Top of Input material

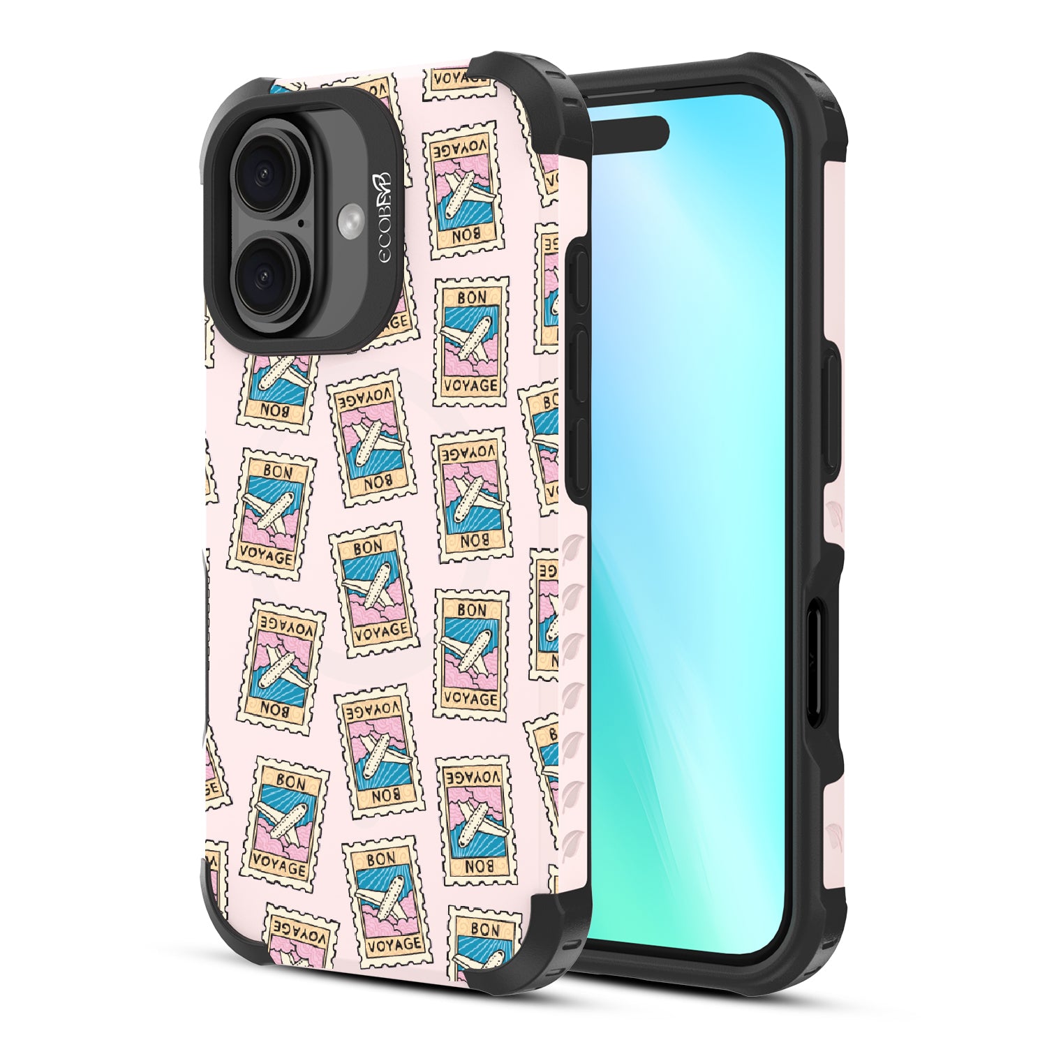 Ready for a stylish departure? The Bon Voyage design on our Reforge rugged iPhone 16 phone case is your phone's own first-class upgrade, where every 'Bon Voyage' stamp is a nod to your next great getaway. It's like turning on flight mode with a twist of runway—your sidekick dressed for adventure. Snap this case on, and let your phone's wanderlust lead the way. Buckle up, traveler—your pocket-sized co-pilot is about to make every journey fashionably memorable.
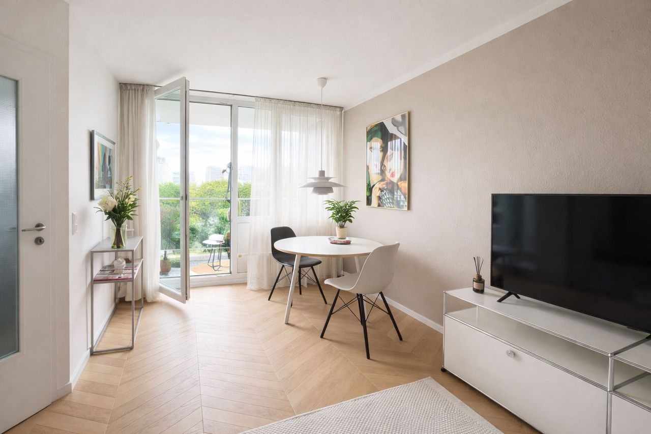 Dieses moderne 2 Zimmer-Apartment (ca. 42 m²) vereint Luxus, Komfort und Funktionalität und eignet sich perfekt als Business-Apartment für Berufspendler, Firmenkunden oder Projektmitarbeiter. Das Apartment beeindruckt mit hochwertiger Ausstattung, durchdachtem Design und einem Süd-Balkon mit Blick ins Grüne, ideal zum Entspannen nach einem langen Arbeitstag. APARTMENT & AUSSTATTUNG: • Hochwertig, fast neuwertig • Echtholz-Fischgrätparkett, Designer-Möbel (Vitra, USM Haller, Louis Poulsen), maßg...
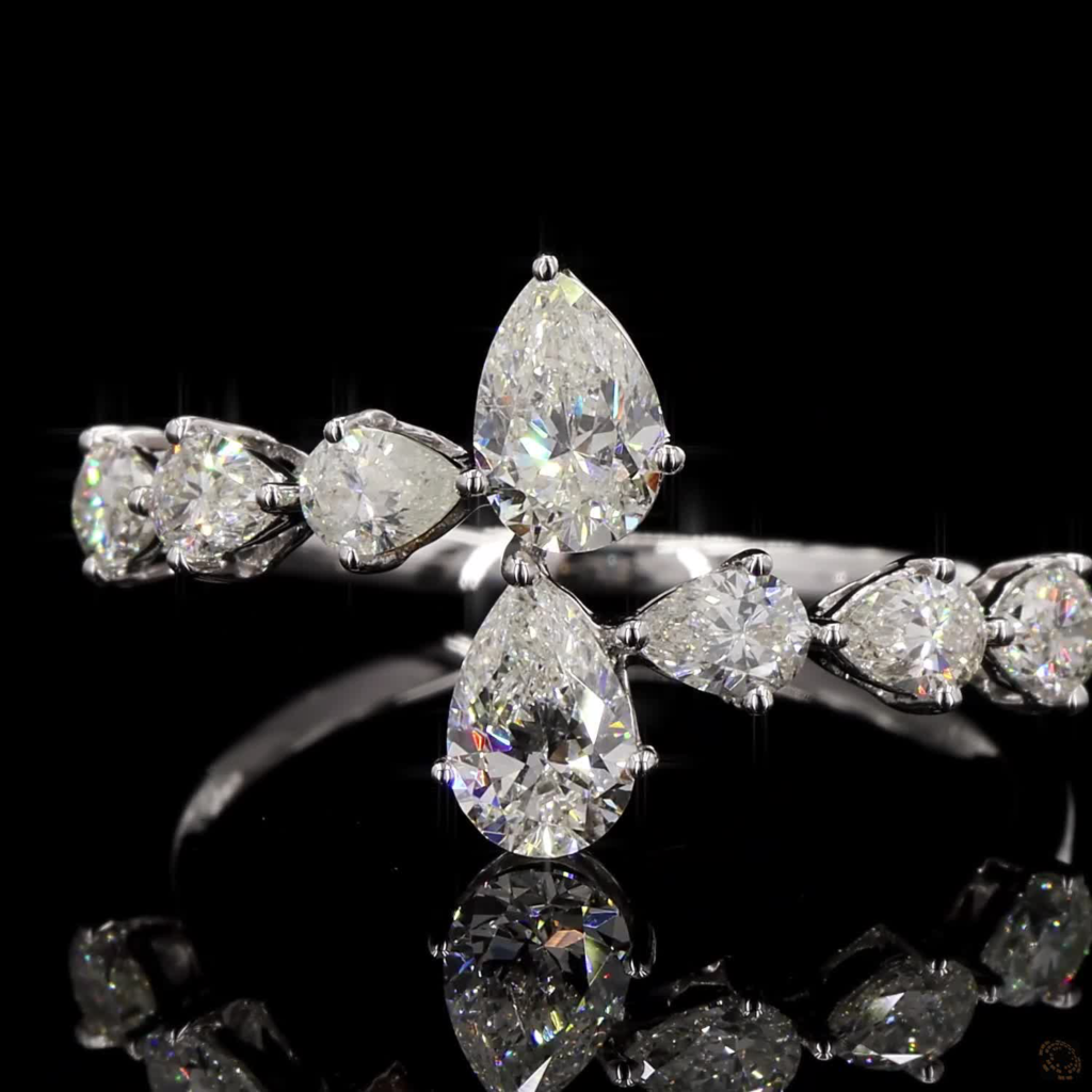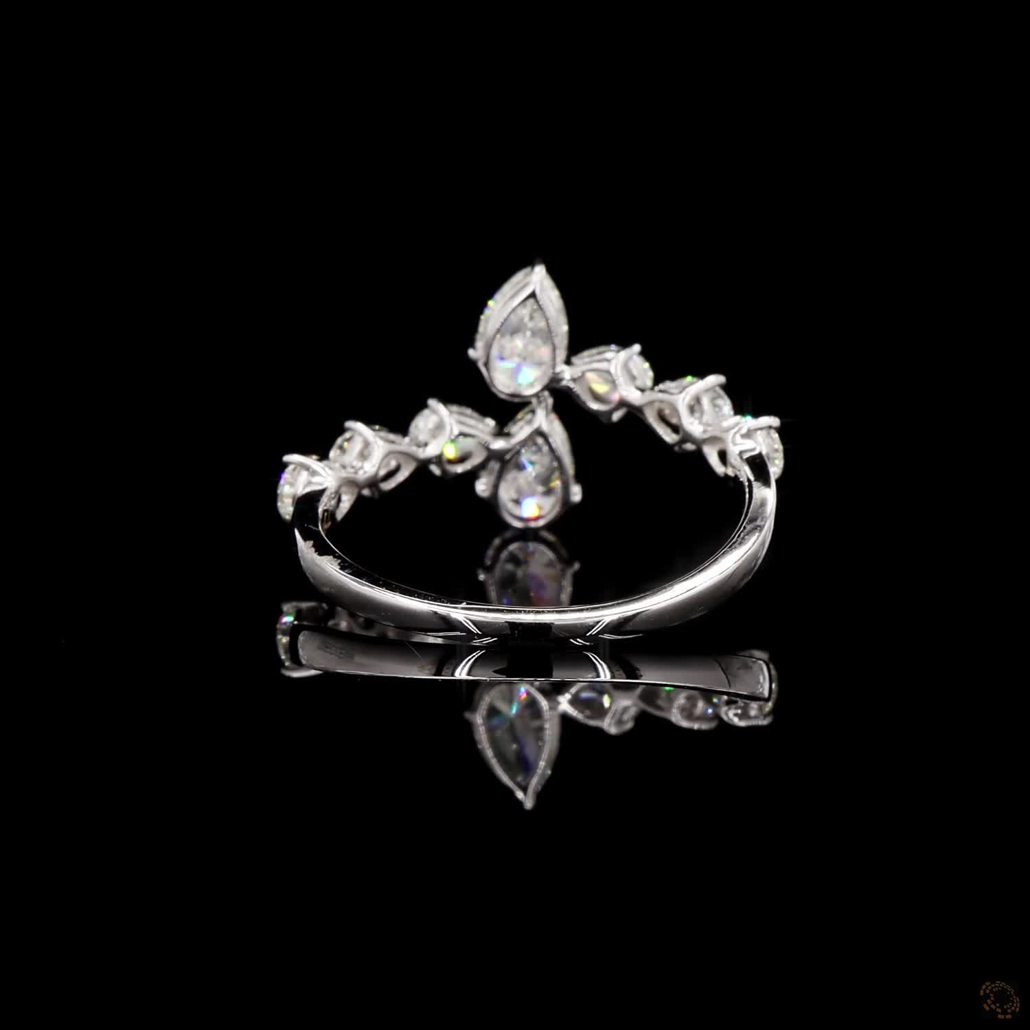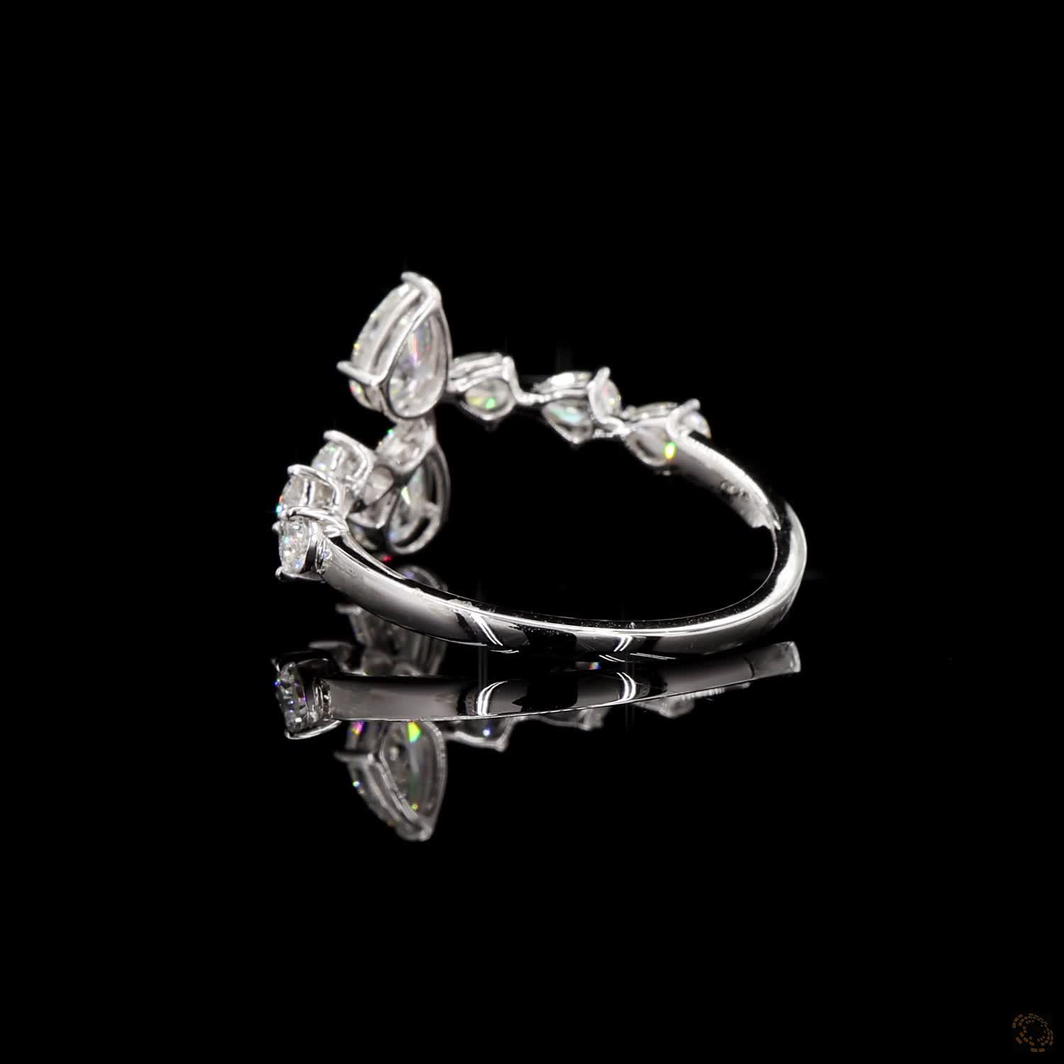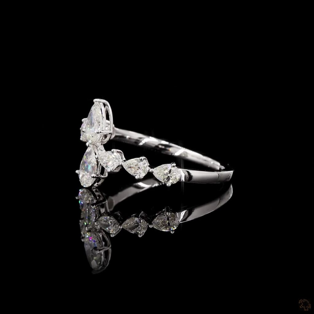 Nyra Twinleaf captures the essence of nature-inspired elegance. Its open-band design features two pear-cut diamonds facing each other like delicate leaves, accented by smaller stones for added brilliance. The airy structure enhances comfort while offering a contemporary aesthetic, making it perfect for effortless day-to-night wear.
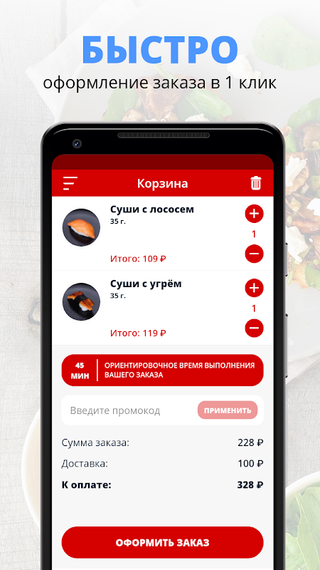 Скачивайте наше приложение, оформляйте заказ и наслаждайтесь любимой едой, где бы Вы ни были! Приятного аппетита!
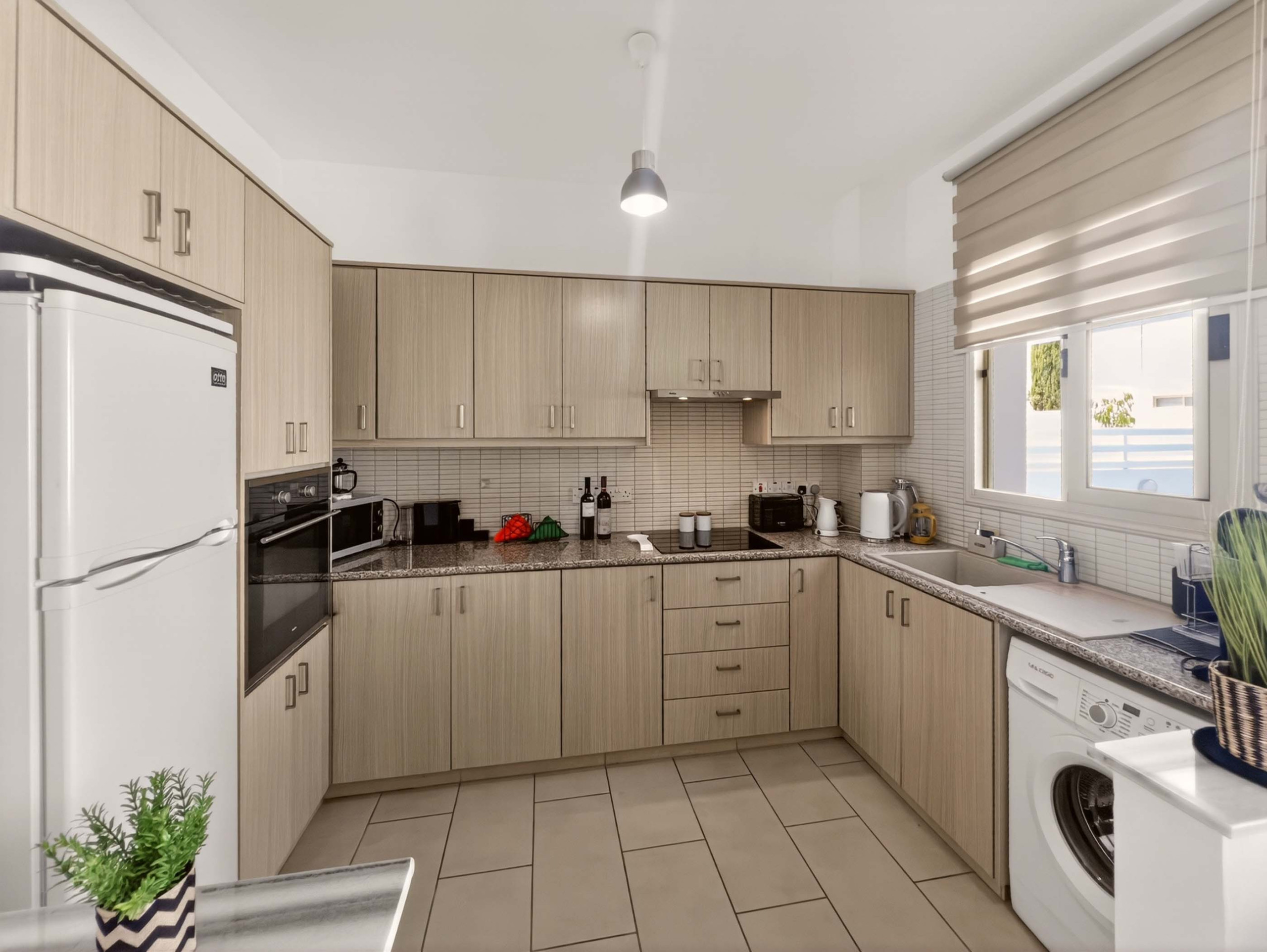 Die Villa verfügt über drei einladende Doppelschlafzimmer und bietet bequem Platz für bis zu sechs Gäste. Es gibt zwei Badezimmer, eines mit Dusche und eines mit Badewanne, was zusätzliche Bequemlichkeit für Familien oder Gruppen bietet. Die voll ausgestattete Küche umfasst moderne Essentials wie eine Spülmaschine, Waschmaschine, Mikrowelle und Hochgeschwindigkeits-Glasfaserinternet, was einen reibungslosen und stressfreien Aufenthalt gewährleistet.
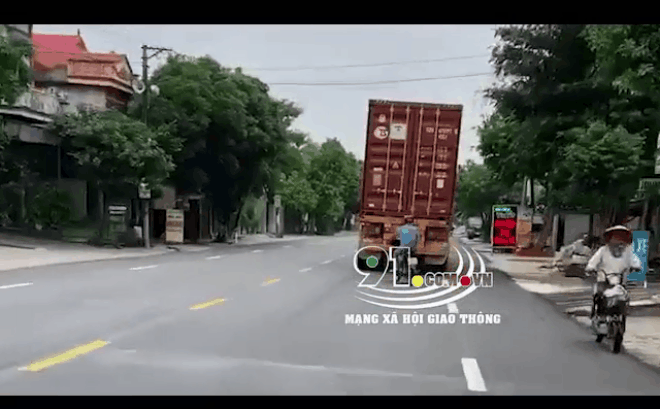 Xe máy lạng lách đòi vượt nhưng bị xe container chèn ép - cảnh tượng khiến nhiều người lo sợ.

Bottom of Input material

**Problem to solve**
Each line from the one that contains "Die Villa verfügt" to the end of the listing must be quoted exactly; no other line and no picture belongs in the copy.

**Expected answer**
 Die Villa verfügt über drei einladende Doppelschlafzimmer und bietet bequem Platz für bis zu sechs Gäste. Es gibt zwei Badezimmer, eines mit Dusche und eines mit Badewanne, was zusätzliche Bequemlichkeit für Familien oder Gruppen bietet. Die voll ausgestattete Küche umfasst moderne Essentials wie eine Spülmaschine, Waschmaschine, Mikrowelle und Hochgeschwindigkeits-Glasfaserinternet, was einen reibungslosen und stressfreien Aufenthalt gewährleistet.
 Xe máy lạng lách đòi vượt nhưng bị xe container chèn ép - cảnh tượng khiến nhiều người lo sợ.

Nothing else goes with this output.